Lord Fenton, one of the wealthiest men in Europe, pursues Scarlett, wanting to marry her. He wants Scarlett to bear his children after seeing Cat's fiery spirit and fearlessness. He also plans to unite their estates; he owns Adamstown, the land adjacent to Scarlett's. Angered by his arrogance, Scarlett refuses and orders him to leave. Scarlett departs for Dublin for her yearly visit for parties and hunts. She later decides to accept Lord Fenton when she hears that Anne is pregnant with Rhett's child.

When news leaks out about her engagement, a drunken Rhett insults her when they meet at a horse race. A friend tells Scarlett that Anne and her baby died. Scarlett rushes back to Ballyhara hopeful that Rhett will come there. She finds the English there with an arrest warrant for Colum, who heads an Irish terrorist group. Colum is murdered and Rosaleen Fitzpatrick sets fire to the English arsenal to avenge him. The villagers, thinking Scarlett is aiding the English, set her house on fire. Rhett arrives and wants her to escape with him, but Scarlett frantically searches for Cat. She tells Rhett that he is Cat's father, and he searches for her. After finding Cat, the three climb into a high tower on Ballyhara and spend the night there. Rhett and Scarlett confess their love for one another. The next morning, they are ready to leave Ireland and start their new lives together.

== Reception ==
Scarlett was panned by critics.
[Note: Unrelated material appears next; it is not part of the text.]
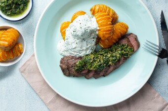 Bestrooi het vlees aan alle kanten ruimschoots met de rub en gril het vlees direct, op een heel hete temperatuur aan elke kant tot het bruin en gekaramelliseerd is. Laat tijdens het omdraaien garen tot een kerntemperatuur van 50-54 °C en laat rusten.
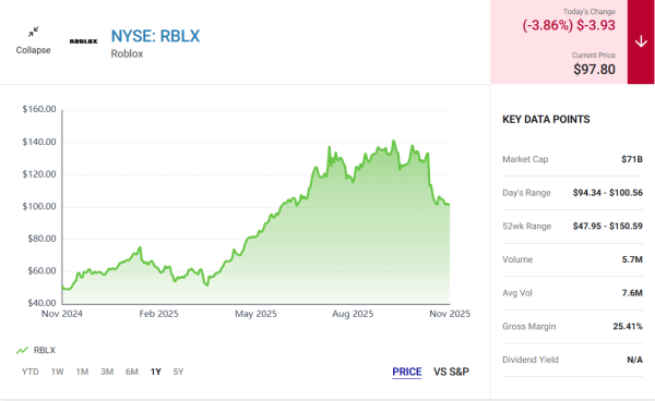 Another reason for the sell-off: valuation. Roblox was one of 2024’s standout tech winners, still up 76% year to date even after the pullback. When expectations are sky-high, even strong results can look underwhelming.

Reviewing the novel for The New York Times in 1991, Janet Maslin said the book was a "stunningly uneventful 823-page holding action." Donald McCaig, author of Rhett Butler's People, said it was his impression that the Margaret Mitchell estate was "thoroughly embarrassed" by Scarlett. Despite this, the novel was a commercial success; Scarlett sold millions of copies and as of 2007 remains in print.

When discussing the possibility of his own works receiving authorized sequels after his death, A Song of Ice and Fire author George R. R. Martin called such books "abominations, to my mind, like [...] Scarlett, the [...] Gone With the Wind sequel".

==TV adaptation==

It was adapted as a television mini-series of the same title in 1994 starring Timothy Dalton as Rhett Butler and Joanne Whalley-Kilmer as Scarlett O'Hara. The plot of the mini-series varies considerably from the book.